ROFL that would be a very popular or very empty gallery 

My hands are not wet when I am holding the Kindle because I am soaking after a quick shower, plus I have small hand towel just in case


----------



## thejackylking #884 (Dec 3, 2008)

I read in the tub as well.  I just use it like I do every other time I read it.  Obviously I keep my hands out of the water while reading so no it doesn't get slippery.  When I'm ready to "clean up" I put the K on the sink near the tub and clean up and rinse off.  Then I thoroughly dry off before I pick up the K and leave the bathroom.  Life on the edge I guess.  Although the wife does constantly tell me "no reading the kindle in the tub" so I guess I'm living on the edge 2 different ways.


----------



## crebel (Jan 15, 2009)

Rhiathame (member 2790) said:


> My hands are not wet when I am holding the Kindle because I am soaking after a quick shower, plus I have small hand towel just in case


Exactly! I read with my Kindle in the whirlpool tub at least once a week. Maybe I live on the edge a little less than you do because I do use a ziploc bag. My evil but loveable cat Yoda knocked the Kindle into the tub from the edge one time and while I did rescue him very quickly there was no moisture in the bag at all. Soaking in the whirlpool with a good kindlebook and a glass of wine is one of my favorite things to do!


----------



## VictoriaP (Mar 1, 2009)

I do read in the tub, but I did also buy one of the Kwik Tek Dry Packs for mine. The plastic is optically clear, much more so than a ziploc, and it's heavy vinyl so it doesn't wrinkle as much as a baggie.



Frankly, $13 was cheap insurance as far as I'm concerned.  I've only dropped about 2 books in the water as well, but it would be just my luck to drop the Kindle.

I think people who vehemently fuss over the idea of reading the Kindle in the tub just aren't bath people. It seriously never would have occurred to me NOT to read it there when a small sensible precaution makes it as safe as reading anywhere else?


----------



## cheshirenc (Dec 27, 2008)

I don't kindle in the tub, but plan on living life on the edge.

I live on the coast and I plan to take my kindle out on the boat, the beach and by the pool.  I'm a little more cautious than you because I have a dry pack for it.  We use the dry packs for cameras and cell phones in the boat, so we already had one.


----------



## Rhiathame (Mar 12, 2009)

VictoriaP said:


> I think people who vehemently fuss over the idea of reading the Kindle in the tub just aren't bath people.

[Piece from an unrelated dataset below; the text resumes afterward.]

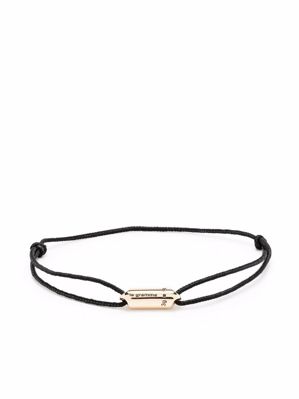 Taille ajustable, cordon, logo gravé, fini poli, détail de breloque.
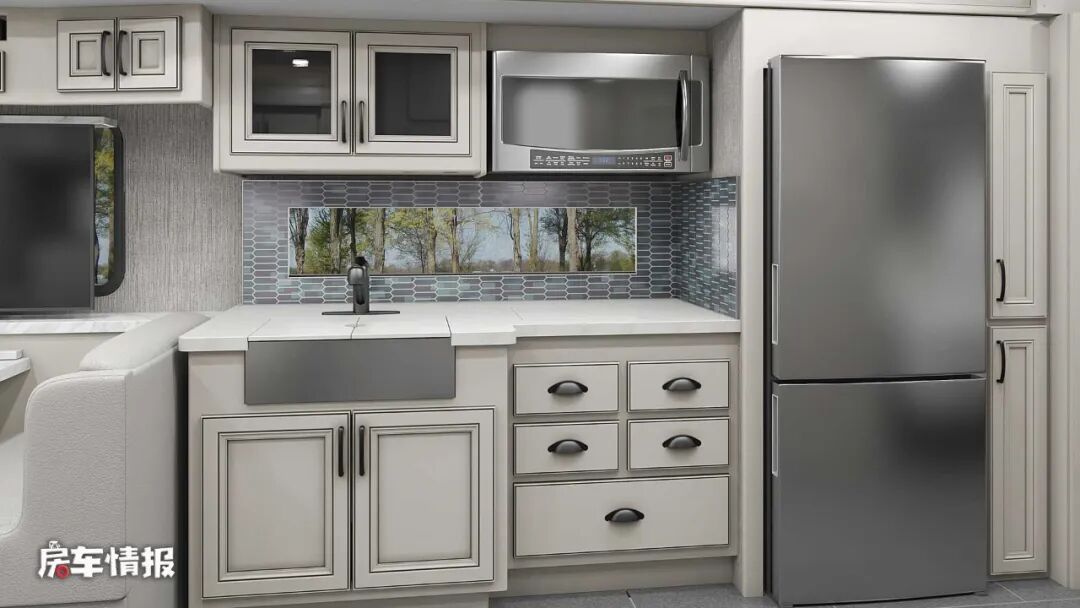 而在就餐区域的后方则是全车的厨房区域,整个操作台的面积还是十分可观的,不仅配有翻盖的洗手台盆、电磁炉,还有微波炉和大容量的双开门冰箱,足够做出一顿美味可口的佳肴。

It seriously never would have occurred to me NOT to read it there when a small sensible precaution makes it as safe as reading anywhere else?


I agree! The thought never occurred to me to not until I saw all these articles about not doing it. For me there was never really a question about doing it (I am not really one to conform  ) but I was curious about what other thought.


----------



## Betsy the Quilter (Oct 27, 2008)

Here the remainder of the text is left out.